*** Information shown Section Begins ***

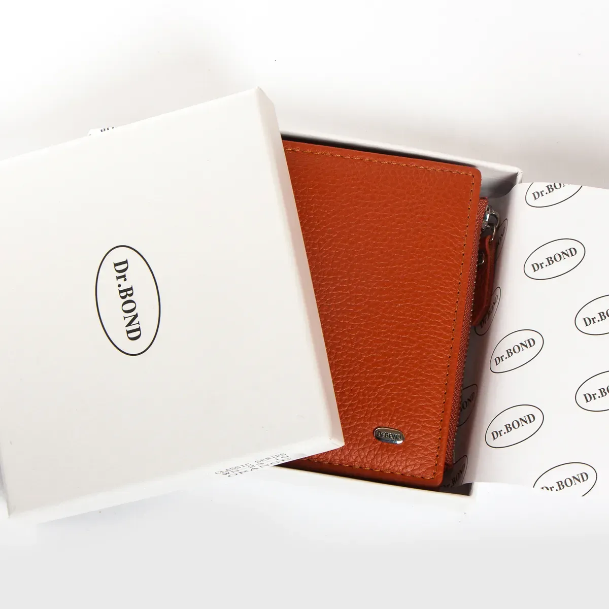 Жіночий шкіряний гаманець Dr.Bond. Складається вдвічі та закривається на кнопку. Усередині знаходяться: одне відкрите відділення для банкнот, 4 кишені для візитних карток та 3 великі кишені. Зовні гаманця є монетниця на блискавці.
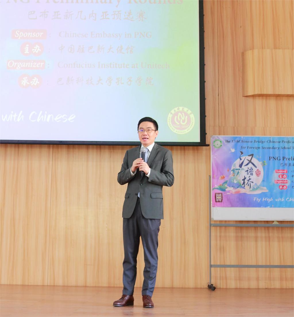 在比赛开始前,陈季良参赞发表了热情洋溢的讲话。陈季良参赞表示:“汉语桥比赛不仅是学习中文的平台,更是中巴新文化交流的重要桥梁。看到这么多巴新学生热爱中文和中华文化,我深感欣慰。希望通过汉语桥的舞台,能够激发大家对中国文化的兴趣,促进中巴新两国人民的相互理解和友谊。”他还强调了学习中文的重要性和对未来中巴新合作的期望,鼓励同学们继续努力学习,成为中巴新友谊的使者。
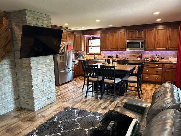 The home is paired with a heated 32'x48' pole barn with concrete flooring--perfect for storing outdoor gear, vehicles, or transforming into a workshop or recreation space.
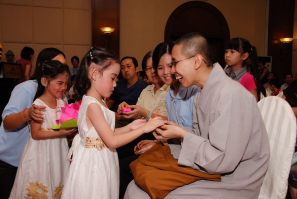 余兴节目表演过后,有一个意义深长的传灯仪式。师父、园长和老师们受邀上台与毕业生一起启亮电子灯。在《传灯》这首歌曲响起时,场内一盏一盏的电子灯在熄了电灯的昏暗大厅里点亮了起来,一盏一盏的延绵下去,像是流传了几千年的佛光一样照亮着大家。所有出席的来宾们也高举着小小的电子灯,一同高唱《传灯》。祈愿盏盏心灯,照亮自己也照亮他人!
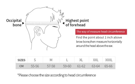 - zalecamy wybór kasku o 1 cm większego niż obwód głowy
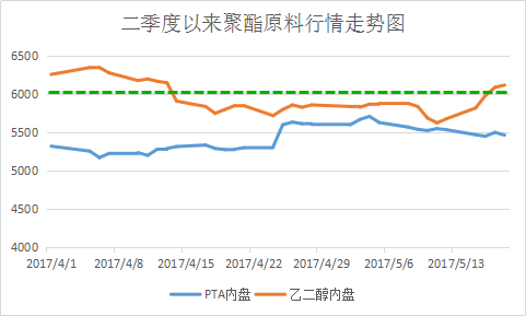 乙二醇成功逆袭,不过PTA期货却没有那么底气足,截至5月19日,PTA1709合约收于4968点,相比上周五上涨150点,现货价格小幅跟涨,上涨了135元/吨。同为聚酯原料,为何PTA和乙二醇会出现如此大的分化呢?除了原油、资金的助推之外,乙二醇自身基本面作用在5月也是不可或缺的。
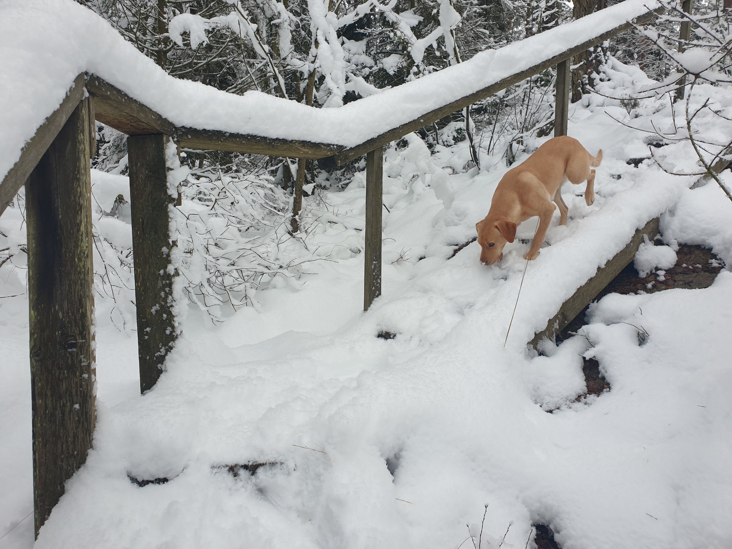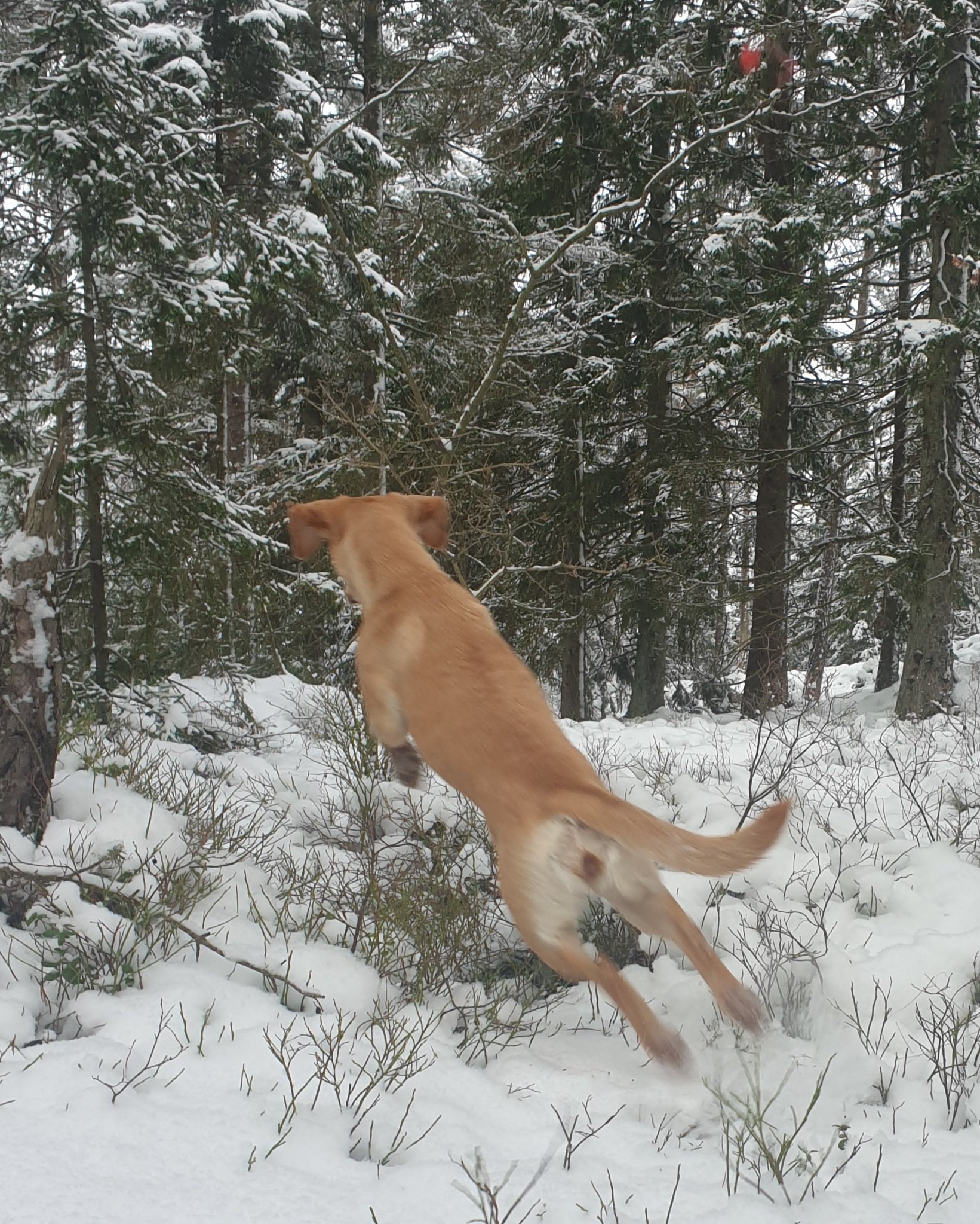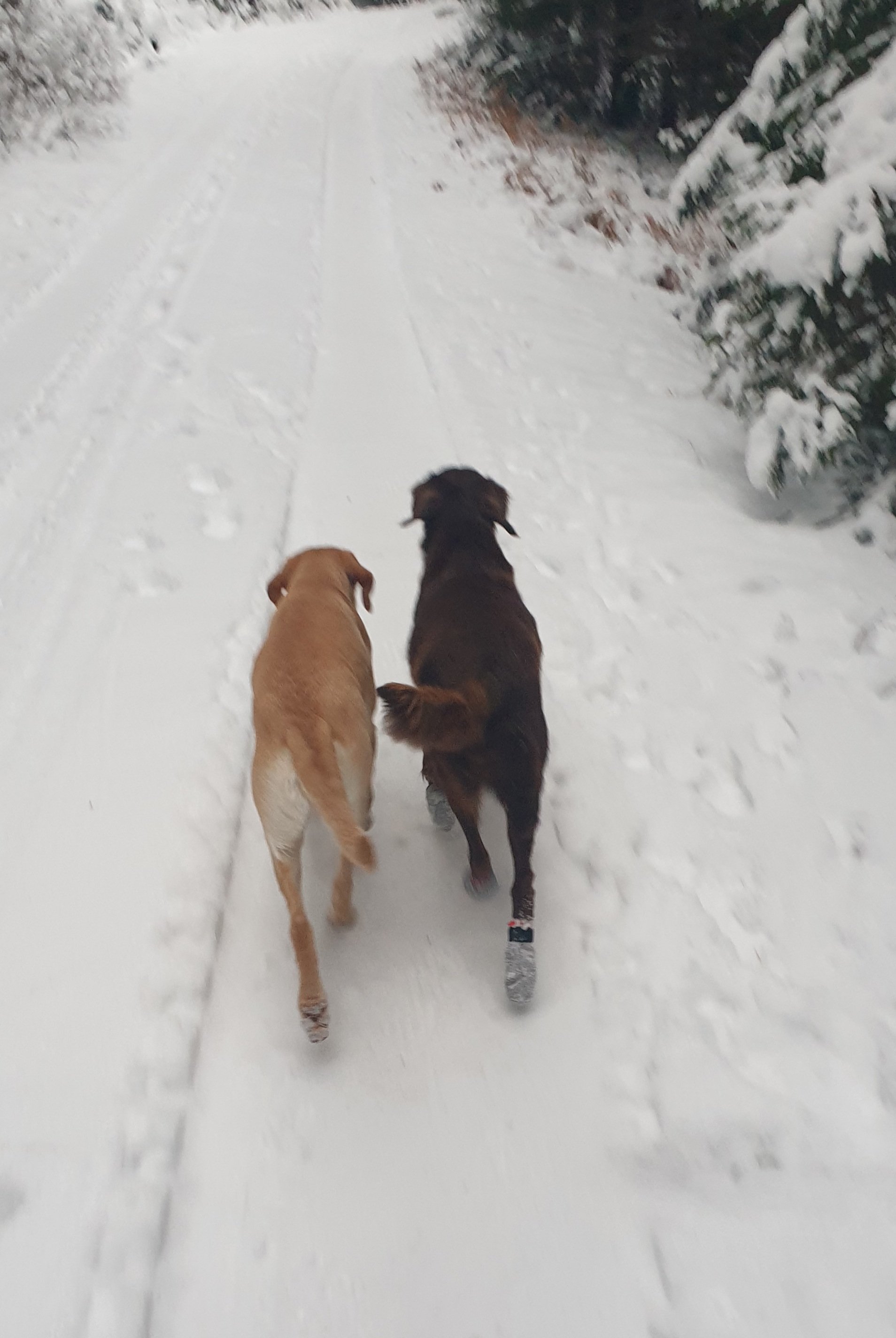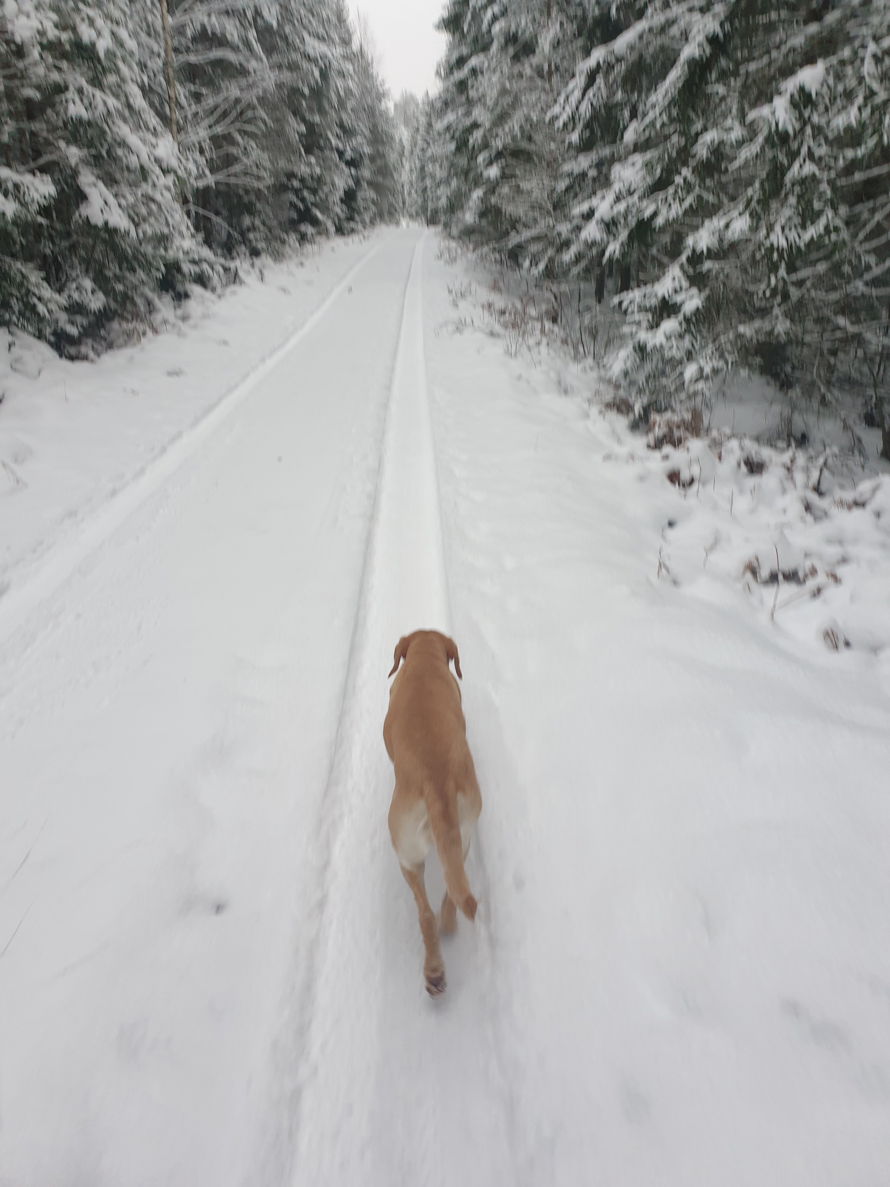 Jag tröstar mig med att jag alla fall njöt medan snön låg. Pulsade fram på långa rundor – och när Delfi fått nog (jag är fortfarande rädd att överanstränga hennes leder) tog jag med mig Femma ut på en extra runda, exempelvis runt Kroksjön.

*** Information shown Section Ends ***

▶ **What you have to do**
Word for word, output the lines from the line bearing "- zalecamy wybór" through the end of the records above, and only those, without the pictures.

▶ **Answer to the problem**
 - zalecamy wybór kasku o 1 cm większego niż obwód głowy
 乙二醇成功逆袭,不过PTA期货却没有那么底气足,截至5月19日,PTA1709合约收于4968点,相比上周五上涨150点,现货价格小幅跟涨,上涨了135元/吨。同为聚酯原料,为何PTA和乙二醇会出现如此大的分化呢?除了原油、资金的助推之外,乙二醇自身基本面作用在5月也是不可或缺的。
 Jag tröstar mig med att jag alla fall njöt medan snön låg. Pulsade fram på långa rundor – och när Delfi fått nog (jag är fortfarande rädd att överanstränga hennes leder) tog jag med mig Femma ut på en extra runda, exempelvis runt Kroksjön.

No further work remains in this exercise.